Y, sin embargo, todo parece indicar que, a poco que le dejen, el ser humano intenta ser dichoso y lo consigue. Diversas investigaciones demuestran que, en tiempos de paz, la mayoría de los individuos se consideran a sí mismos más felices que infelices. He aquí una pregunta curiosa y digna de hacérsela uno mismo: si tuvieras que puntuar tu felicidad o tu grado de satisfacción ante la vida del 1 al 10, siendo 1 la desdicha absoluta y 10 la dicha más completa, ¿qué nota te darías? Cruzo artesanal y burdamente los complejos datos de varias encuestas (algunas tan enormes como la World Values Survey, sobre una muestra de 118.000 personas procedentes de 96 países) y me encuentro con que, de media, los individuos que escogen el 1 suman más o menos un 5%, mientras que los que se califican con un 10 están en torno al 12%. Lo cual es asombroso: si me hubieran preguntado antes de ver los resultados, hubiera predicho que nadie o casi nadie se otorgaría a sí mismo un diez redondo. En total, más de un 60% de las personas se ponen una nota de 6 o superior.
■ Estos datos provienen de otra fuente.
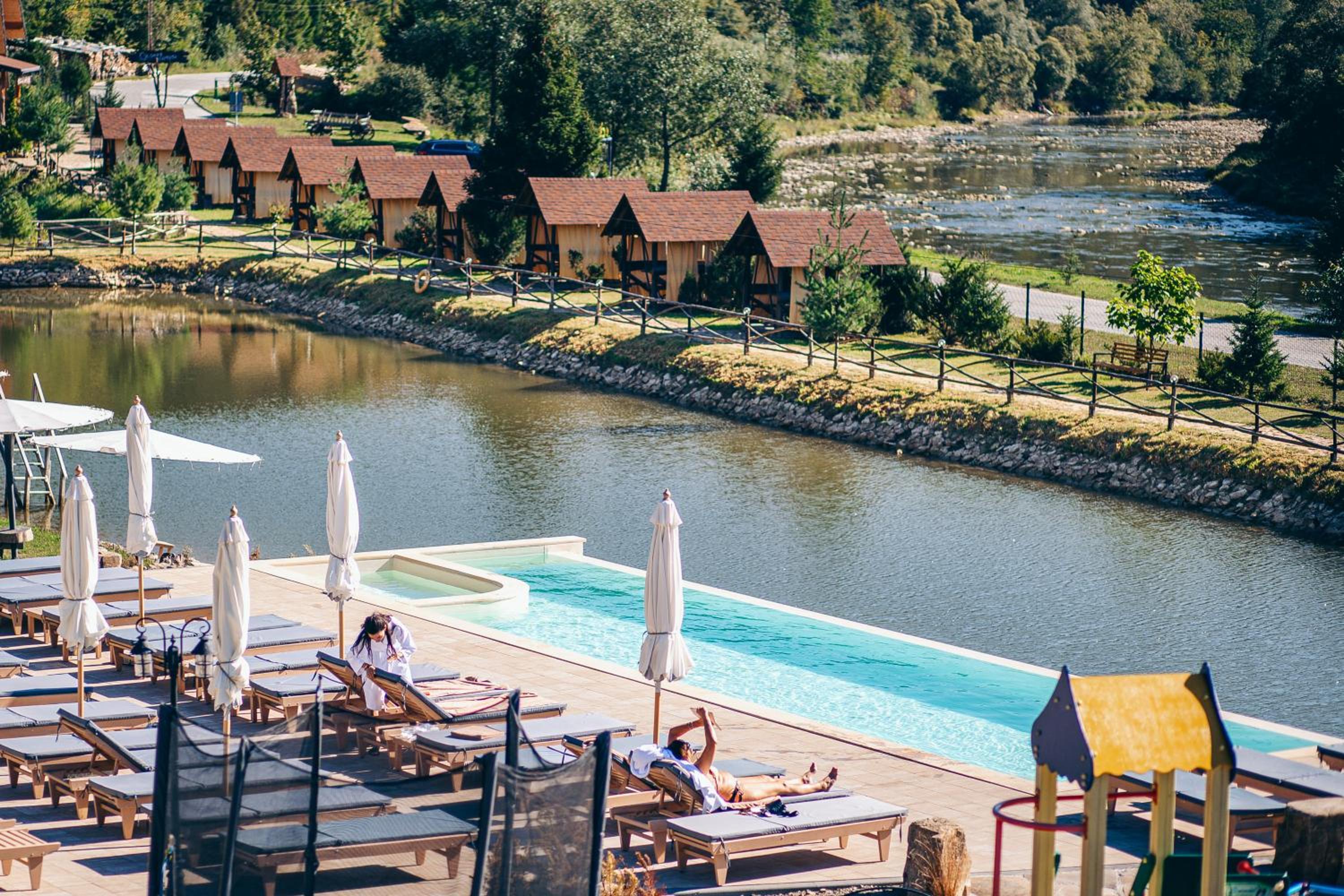 Гарна локація з мальовничим краєвидом. У нас був вид на річку, дуже красиво. Територія велика і доглянута, персонал привітний і готовий допомогти у вирішенні будь-яких питань.
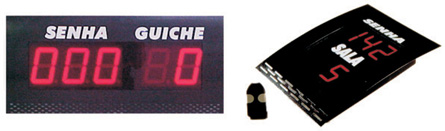 - 5 dígitos de 7 cm, 3 dígitos para indicar senha e 2 para guichê
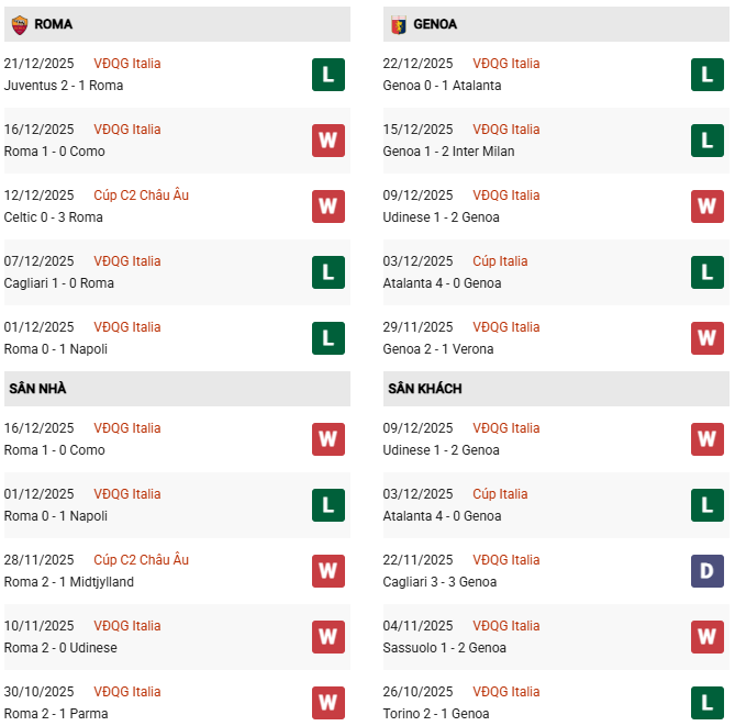 - Roma thắng 7/10 trận đối đầu vừa qua trước Genoa.
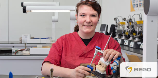 Wiebke Bruns, Azubi bei Boeckhoff & Kampen, besuchte im Juni bereits ihren vierten Kurs im BEGO TRAINING CENTER. Mit dem Kurs „Topfit in die Gesellenprüfung“ möchte sie sich noch letzte Tipps und Tricks vor der im November anstehenden Abschlussprüfung einholen.

Y, por lo visto, esa felicidad tiende a aumentar, y desde luego parece tener una relación directa con el desarrollo económico, cultural y democrático. Los ricos también lloran, pero menos. Hay un trabajo interesantísimo de la ya citada World Values Survey sobre la evolución de la felicidad en 24 países en las últimas décadas. En este caso, la tabla de medidas va del 1 (nada feliz) al 4 (totalmente feliz). La media de todos los países está en torno al 3. Tres países, Suiza, Estados Unidos y Noruega, no muestran ni aumento ni disminución en su percepción de felicidad en los últimos treinta años; cuatro son un poco más infelices (Austria, Bélgica, Gran Bretaña y Alemania del Oeste), y el resto han subido. Entre ellos España, que, de 1981 a 2006, tortuguea en una lentísima, ínfima ascensión desde el 3 hacia el 3,1. Por cierto que no es, ni con mucho, el mejor resultado; por ejemplo, Irlanda, de 1977 a1999, subió de 3,1 a 3,4. Y Puerto Rico, de 2,9 a 3,5 entre 1963 y 2006. Nosotros estamos actualmente más o menos al nivel de la India, que ha subido de 2,6 a casi 3,1 desde 1975 hasta ahora. O sea que mucho alardear de nuestro carácter jaranero, de las fiestas y las copas y los amigos, del sol español y demás pamplinas, pero somos relativamente menos dichosos que la mayoría.

Y, aun así, lo maravilloso es comprobar que también somos mayoritariamente felices. Si nuestra media es de 3, eso quiere decir que nos estamos otorgando un notable alto.

Pero aún hay algo más: recientes investigaciones psicológicas parecen demostrar que los más felices (ese 12% que está arriba del todo) no son aquellos a quienes les va mejor en la vida. Un poquito menos de felicidad ayuda a ser más longevo (los ultrafelices tienden a desdeñar preocupaciones y miedos que a menudo son útiles avisos), a ganar más dinero, a desarrollarse más intelectualmente y a tener más éxito (porque cierta insatisfacción espolea la vida). Los mejores resultados, en fin, se consiguen en torno a una puntuación de 8 o de 9. O sea que esta maravillosa vitalidad nuestra, tenaz y adaptativa, no sólo nos ha regalado una propensión básica a la dicha, una alegría orgánica, innata y animal, sino que también le ha dejado un lugar y le ha dado una utilidad al dolor, al malestar y la melancolía. Qué prodigio, la vida.